We could avoid re-initializing the same part over and over by keeping track what part of the Vec has already been initialized in previous iterations, but that relies on no other code running mem::replace on our Vec and also the Vec never reallocating, which is very fragile.

BorrowedBuf + BorrowedCursor could help here, but that's nightly-only.

[Shnatsel]

The approach of writing to the spare capacity without zeroing it first sounds good, provided that the C library wrappers are adjusted to write to a &mut [MaybeUninit<u8>].

[anforowicz]

The approach of writing to the spare capacity without zeroing it first sounds good, provided that the C library wrappers are adjusted to write to a &mut [MaybeUninit<u8>].

Yes, that would work for the C backend.

What about the Rust backend though? The Rust backend would also need to be adjusted to write to a &mut [MaybeUninit<u8>], right? If so, then a prerequisite for this approach would be to also change the miniz_oxide crate as outlined in #220 (comment).

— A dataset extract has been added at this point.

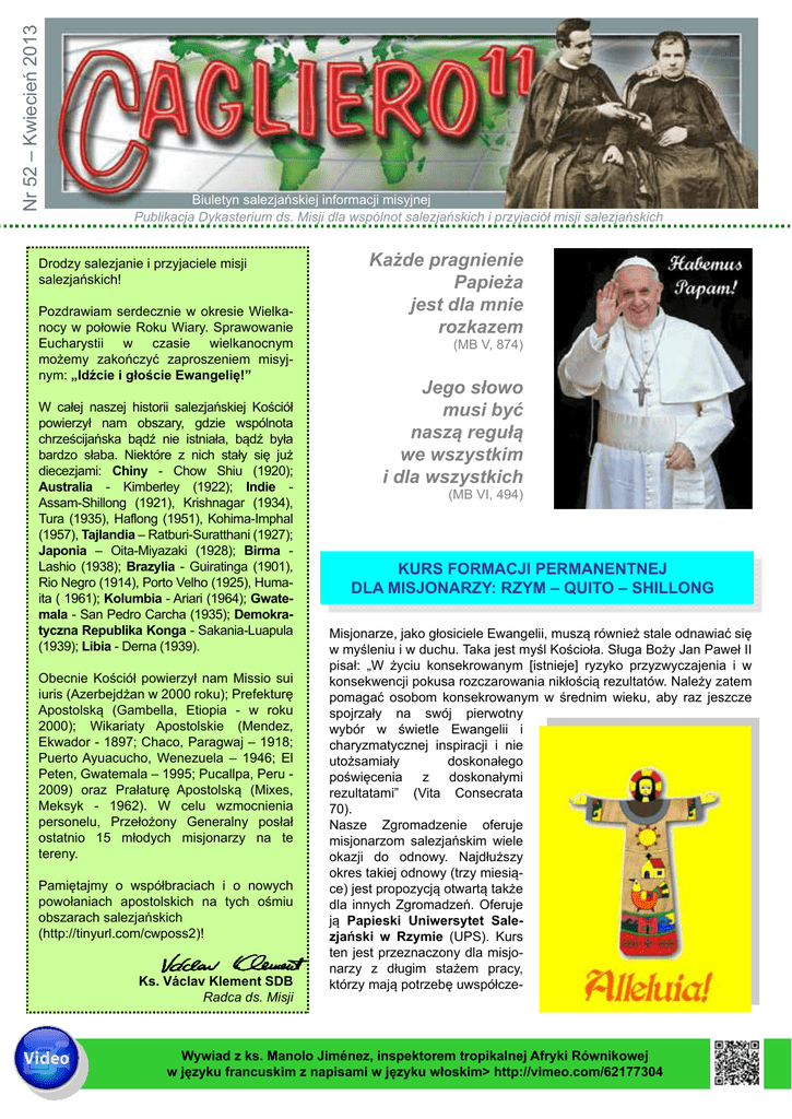 Nr 52 – Kwiecień 2013 Biuletyn salezjańskiej informacji misyjnej Publikacja Dykasterium ds. Misji dla wspólnot salezjańskich i przyjaciół misji salezjańskich Drodzy salezjanie i przyjaciele misji salezjańskich! Pozdrawiam serdecznie w okresie Wielkanocy w połowie Roku Wiary. Sprawowanie Eucharystii w czasie wielkanocnym możemy zakończyć zaproszeniem misyjnym: „Idźcie i głoście Ewangelię!” W całej naszej historii salezjańskiej Kościół powierzył nam obszary, gdzie wspólnota chrześcijańska bądź nie istniała, bądź była bardzo słaba. Niektóre z nich stały się już diecezjami: Chiny - Chow Shiu (1920); Australia - Kimberley (1922); Indie Assam-Shillong (1921), Krishnagar (1934), Tura (1935), Haflong (1951), Kohima-Imphal (1957), Tajlandia – Ratburi-Suratthani (1927); Japonia – Oita-Miyazaki (1928); Birma Lashio (1938); Brazylia - Guiratinga (1901), Rio Negro (1914), Porto Velho (1925), Humaita ( 1961); Kolumbia - Ariari (1964); Gwatemala - San Pedro Carcha (1935); Demokratyczna Republika Konga - Sakania-Luapula (1939); Libia - Derna (1939). Obecnie Kościół powierzył nam Missio sui iuris (Azerbejdżan w 2000 roku); Prefekturę Apostolską (Gambella, Etiopia - w roku 2000); Wikariaty Apostolskie (Mendez, Ekwador - 1897; Chaco, Paragwaj – 1918; Puerto Ayuacucho, Wenezuela – 1946; El Peten, Gwatemala – 1995; Pucallpa, Peru 2009) oraz Prałaturę Apostolską (Mixes, Meksyk - 1962). W celu wzmocnienia personelu, Przełożony Generalny posłał ostatnio 15 młodych misjonarzy na te tereny. Pamiętajmy o współbraciach i o nowych powołaniach apostolskich na tych ośmiu obszarach salezjańskich (http://tinyurl.com/cwposs2)! Ks. Václav Klement SDB Radca ds. Misji Każde pragnienie Papieża jest dla mnie rozkazem (MB V, 874) Jego słowo musi być naszą regułą we wszystkim i dla wszystkich (MB VI, 494) KURS FORMACJI PERMANENTNEJ DLA MISJONARZY: RZYM – QUITO – SHILLONG Misjonarze, jako głosiciele Ewangelii, muszą również stale odnawiać się w myśleniu i w duchu. Taka jest myśl Kościoła. Sługa Boży Jan Paweł II pisał: „W życiu konsekrowanym [istnieje] ryzyko przyzwyczajenia i w konsekwencji pokusa rozczarowania nikłością rezultatów. Należy zatem pomagać osobom konsekrowanym w średnim wieku, aby raz jeszcze spojrzały na swój pierwotny wybór w świetle Ewangelii i charyzmatycznej inspiracji i nie utożsamiały doskonałego poświęcenia z doskonałymi rezultatami” (Vita Consecrata 70). Nasze Zgromadzenie oferuje misjonarzom salezjańskim wiele okazji do odnowy. Najdłuższy okres takiej odnowy (trzy miesiące) jest propozycją otwartą także dla innych Zgromadzeń. Oferuje ją Papieski Uniwersytet Salezjański w Rzymie (UPS). Kurs ten jest przeznaczony dla misjonarzy z długim stażem pracy, którzy mają potrzebę uwspółcze- Wywiad z ks. Manolo Jiménez, inspektorem tropikalnej Afryki Równikowej w języku francuskim z napisami w języku włoskim> http://vimeo.com/62177304 śnienia. Rozpoczyna się rekolekcjami. Ofiaruje różne bloki tematyczne (Pismo Święte, antropologia, psychologia, katecheza, zagadnienia misjologiczne). Intymne spotkanie z osobą Jezusa dokonuje się we wspólnocie braterskiej, w klimacie miłości i w duchu rodzinnym, stwarzając wiele możliwości dzielenia się doświadczeniami i braterskiej interakcji. Uczestnicy salezjanie mogą ponadto odkryć na nowo bogactwo początków swojego Zgromadzenia i charyzmatu salezjańskiego poprzez pielgrzymkę do miejsc związanych ze świętymi salezjańskimi. Oprócz kursu organizowanego przez UPS, dla misjonarzy (Rodziny Salezjańskiej), którzy nie dysponują tak długim czasem, organizowane są krótkie kursy (trzy tygodnie) również w Regionie. Ich celem jest promowanie głębszego dialogu z kontekstem lokalnym. Jeden z takich kursów odbędzie się w Quito, Ekwador (w 2014) dla Regionów Ameryki (w języku hiszpańskim). W nadchodzącym sierpniu, podobny kurs odbędzie się w Shillong, Indie, dla dwóch Regionów Azji (w języku angielskim). Salezjanie, którzy chcą uzyskać więcej informacji na temat tego kursu mogą napisać do sekretariatu Dykasterium: [email protected] Ks. Jose Anikuzhikattil, SDB Dykasterium ds. Misji Misja należy do Boga… my mamy tylko siać! Podczas uniwersyteckich studiów prawniczych (1988-1992), razem z dziewczyną myśleliśmy pojechać do Afryki, już jako rodzina misyjna. Ale potem zdałem sobie sprawę, że owszem, jestem zadowolony, ale nie jestem szczęśliwy. Czegoś mi brakowało… Wtedy zacząłem słuchać i starać się być wiernym „wewnętrznemu głosowi serca”. Czytałem Słowo Boże, modliłem się, szukałem… Pewnego dnia poszedłem do spowiedzi, potem okazało się, że była to parafia salezjańska. Czułem jakby iskra zapaliła się w moim sercu. Kiedy, dzięki kierownictwu salezjanina, miałem pewność, że Jezus mnie woła, postanowiłem oddać się Panu na zawsze. Potrzeby są wszędzie; nawet jeśli prawdą jest, że jesteśmy wezwani do odpowiedzi na nie, trzeba je rozeznać, dostrzec, usłyszeć to, czego Bóg chce w danej sytuacji i w życiu każdego z nas. Kiedy mój przyjaciel salezjanin, który był ze mną, powiedział mi: „Teraz napisz do Przełożonego Generalnego”, napisałem i otrzymałem odpowiedź: „Posyłam cię do Pakistanu”. Dlaczego chciałem być misjonarzem, kiedy Argentyna też potrzebuje misjonarzy? Odpowiedź brzmi: „Ponieważ Bóg tego chciał”. Ostatecznym kryterium jest wezwanie Boga, to On posyła. Im więcej czasu mija, tym bardziej jestem przekonany o tym… Na poziomie osobistym, największym wyzwaniem było nauczyć się rozpoznawać i akceptować moje ograniczenia i moje słabości. Paradoksalnie, strach, ból, samotność, poczucie zdrady, nieumiejętność zrozumienia i panowania nad rzeczywistością, mogą stać się drogą, która pomaga stawać się osobą bardziej głęboką i bardziej szczerą wobec siebie samej. W kwestii wiary, wyz

Do you think that we should pursue such changes to the miniz_oxide crate?

[Shnatsel]

miniz_oxide always zeroes the output buffer for safety even when writing to a Vec: https://docs.rs/miniz_oxide/0.7.1/src/miniz_oxide/deflate/mod.rs.html#121-157

I think it's best to just zero the buffer when using miniz_oxide instead of revamping its internals to use MaybeUninit.